4 Complainant also requested pecuniary damages to pay for the lien on her

house that resulted from unpaid water and sewer bills, arguing that she

would have paid the bills had she not been terminated. We note, however,

that a lien is not an additional expense, but rather a means of securing

a debt. Complainant has not supplied any evidence that the lien caused

her an expense in addition to the original water and sewer bills. She is

therefore not entitled to pecuniary damages in relation to the lien.

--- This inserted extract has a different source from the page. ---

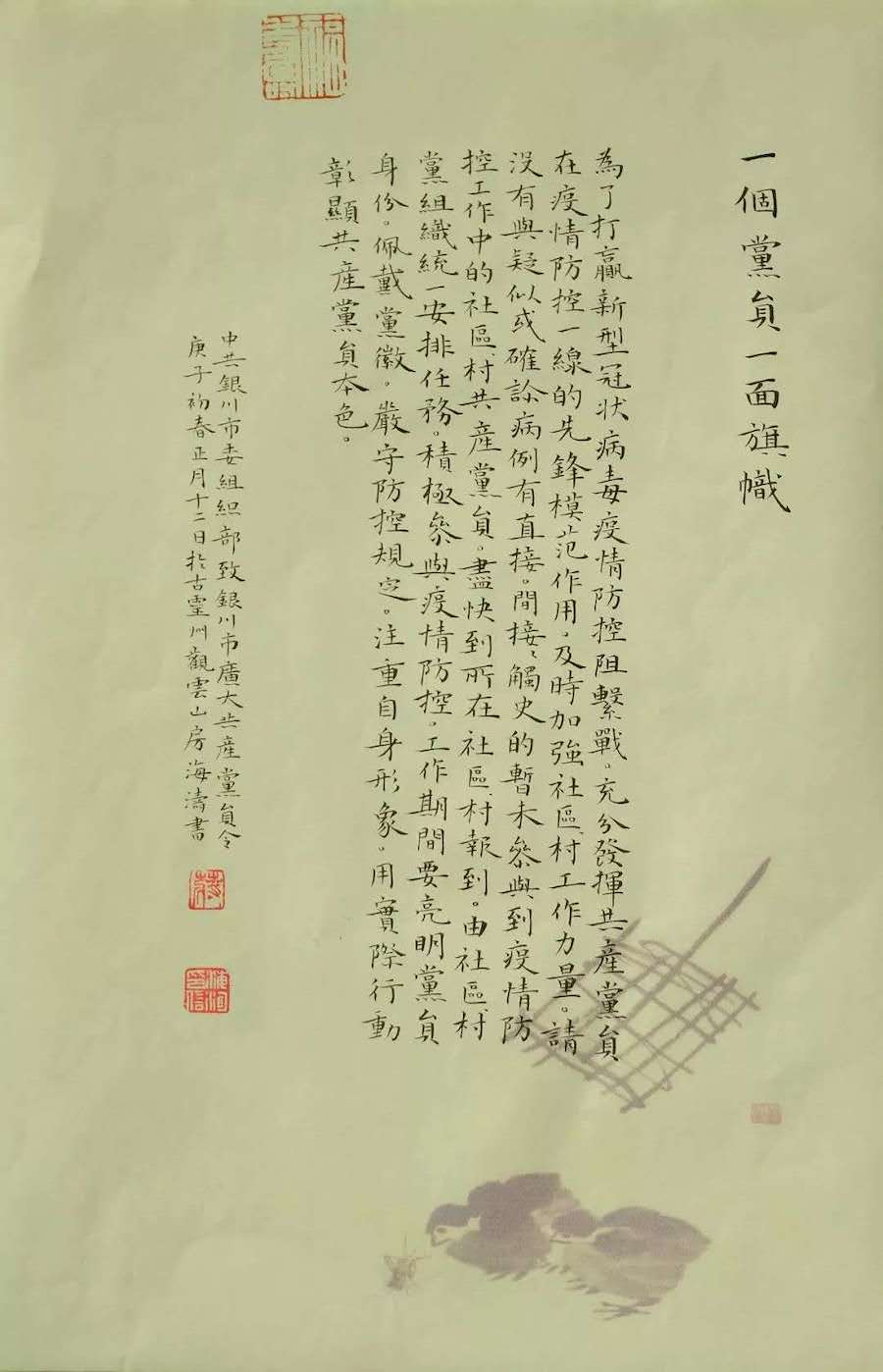 2020年春节期间,新型冠状病毒肆虐全国,生命重于泰山、疫情就是命令、防控就是责任。全国上下万众一心、众志成城坚决打赢疫情防控攻坚战。在这场没有硝烟的战疫中,银川市文艺工作者积极行动起来,以应对阻击疫情为主题,精心创作文艺作品,宣传在党的领导下抗击疫情中大爱无疆、人间真情、温暖人心的感人事迹,用艺术作品鼓舞人心、振奋精神、凝聚力量。

5 We note that complainant's July 27, 1997 submission to the agency

included a letter from her chiropractor indicating that complainant

requires life-long chiropractic treatment. Complainant's back condition

was not caused by the agency's discrimination and the agency is under no

obligation to award complainant future medical costs for conditions that

do not stem from its unlawful behavior. As noted above, we agree with

complainant that the agency should reimburse complainant for payments

she made to her chiropractor which would have been paid by her insurance

had she not been terminated, but this does not mean that future payments

to the chiropractor incurred after complainant's reinstatement are the

agency's responsibility.

6 Although the doctor did not indicate how long complainant would

continue to take medication, she did note that future treatment should

last 6-12 months, and perhaps longer.